Investment involves risk. Past performance is not a reliable indicator of current or future results and should not be the sole factor of consideration when selecting a product or strategy.

Japanese Equity Fund
An actively managed, diversified all-cap portfolio offering exposure to typically 60-80 of our best growth ideas in Japan. The fund is categorised as Article 8 under Sustainable Finance Disclosure Regulation (SFDR).
ISIN LU0230817339
30-Nov-2023 - Archibald Ciganer, Portfolio Manager,
Despite the current uncertainty in the global economy, Japan’s corporates continue to buy back stock and return capital to shareholders at record levels. This is an encouraging indicator about their health and signals the ongoing improvement in corporate governance at the company level in Japan. We believe the relentless pressure of late creates opportunity for long-term investors.

Fund Summary
With close proximity to, and a deep understanding of, the companies in which they invest, our Tokyo-based investment team searches for companies with a focus on growth and improvement. We favour businesses with sustainable growth, a durable competitive advantage, robust fundamentals and a credible management team. The promotion of environmental and/or social characteristics is achieved through the fund's commitment to maintain at least 10% of the value of its portfolio invested in Sustainable Investments, as defined by the SFDR. Additionally, we apply a proprietary responsible screen (exclusion list).
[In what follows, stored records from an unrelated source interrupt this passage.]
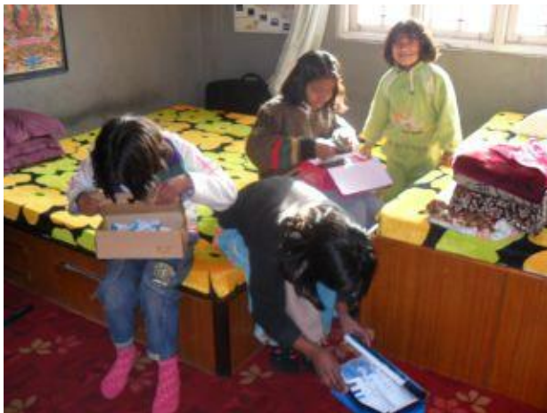
Barnen sitter på sina sängar i sovrummet och tittar på sina nya skor som fortfarande ligger i kartonger.

Under mars månad har barnen firat den stora högtiden Holi där man kastar röd färg och vatten på varandra. Det är en riktig folkfest; alla är ute på gatorna och kastar på varandra. Förra året tog Rajeev bilder på när barnen låg uppe på terrassen och kastade färg och vatten på förbipasserande på gatan nedanför. Detta år var de istället ute på gatorna bland folk och Rajeev tog därför inte med sin kameran, eftersom den lätt kan bli förstörd av vatten och färg. Rajeev berättar dock att barnen hade ännu roligare i år nu när de verkligen var med bland andra människor och kastade hej vilt på varandra och andra! De flesta nepaleser tycker denna högtid är årets roligaste och det verkar Step-barn också tycka.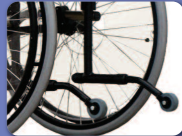
Paire de roulettes anti-bascule B78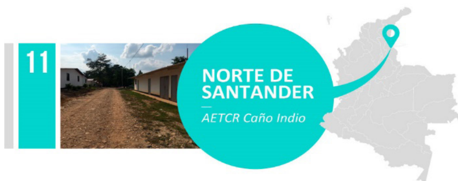
Figura 1. Ubicación AETCR Caño Indio, Tibú - Norte de Santander, Colombia

Su extensión territorial es de 2.696 km, su altitud es de 75 m s. n. m. y su temperatura media es de 32 °C. En este contexto, El ETCR, El Negro Eliecer Gaitán, tiene una altura de 66 msnm con una temperatura promedio entre 23 y 32°C y humedad el 65% por lo tanto se encuentra dentro de un ecosistema de bosque muy húmedo en invierno y húmedo en verano (Figura 1) [10].

The manager is not constrained by the fund’s benchmark, which is used for performance comparison purposes only.
Performance - Net of Fees

Past performance is not a reliable indicator of future performance.
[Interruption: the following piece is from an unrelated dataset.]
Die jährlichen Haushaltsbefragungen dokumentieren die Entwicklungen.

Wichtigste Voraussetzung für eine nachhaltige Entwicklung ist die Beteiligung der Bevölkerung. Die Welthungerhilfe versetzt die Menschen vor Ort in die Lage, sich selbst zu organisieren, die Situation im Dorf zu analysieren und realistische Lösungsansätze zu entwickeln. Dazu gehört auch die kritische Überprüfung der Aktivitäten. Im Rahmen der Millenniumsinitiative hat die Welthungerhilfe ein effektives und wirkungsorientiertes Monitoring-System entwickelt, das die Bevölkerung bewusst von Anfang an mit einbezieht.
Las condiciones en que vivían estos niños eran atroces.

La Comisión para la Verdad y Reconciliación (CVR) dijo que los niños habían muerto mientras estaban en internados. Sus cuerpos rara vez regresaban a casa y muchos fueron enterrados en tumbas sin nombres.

30-Nov-2023 - Archibald Ciganer, Portfolio Manager,
Japanese equities rallied in November as expectations that US interest rates had peaked pushed riskier assets higher. A strong corporate earnings season and continued weakness in the yen also lent support. Within the portfolio, our choice of securities in electric appliances and precision instruments dragged. An electronic and media conglomerate’s second-quarter operating profit missed consensus, due primarily to technical reasons in the financial services segment. Stock picks in machinery also detracted. Shares of a commercial kitchen equipment producer were subject to profit taking after the company reported new historical-high quarterly profits, driven by its overseas operations. Conversely, security selection in information technology and services added value. Shares of an e-commerce firm rose on strong results showing solid demand for online payment services across a broad range of sectors. Commercial and wholesale trade was a further area of strength. A leading trading company raised its profit forecast on the weaker yen and stronger expectations for its machinery business.
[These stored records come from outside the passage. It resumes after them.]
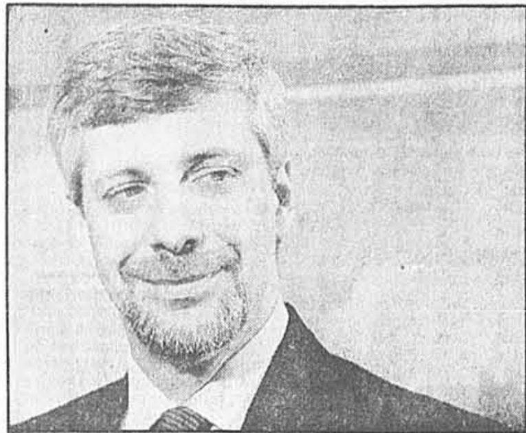
Pierre Marc Johnson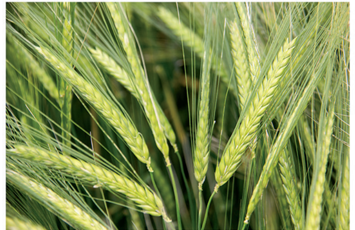
12 de mayo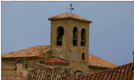
Torre de la iglesia barroca (S. XVI).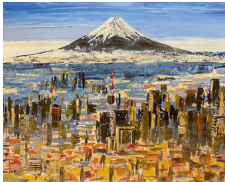
Der Berg Fuji in Tokio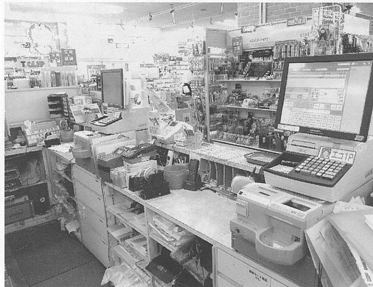
POS レジ 2 台で「BookAnswer3」を活用

「BookAnswer3」を導入して約半年たつが、曾根店長は「コードを入れないとヒットしないなど検索機能に改善点があるほか、返品データの入帳処理や在庫管理などに課題も見えてきました」という。

30-Nov-2023 - Archibald Ciganer, Portfolio Manager,
We are positioned overweight the construction and materials sector, where we are finding investment opportunities among leading makers of silicon wafers, for example. This is in an environment of an anticipated recovery in wafer demand over a longer time horizon alongside improving industry discipline. Among the month’s trading activity, we took some profits in banks, following their strong share price performance this year within the context of the Bank of Japan's monetary policy tweaks and anticipation of further normalisation.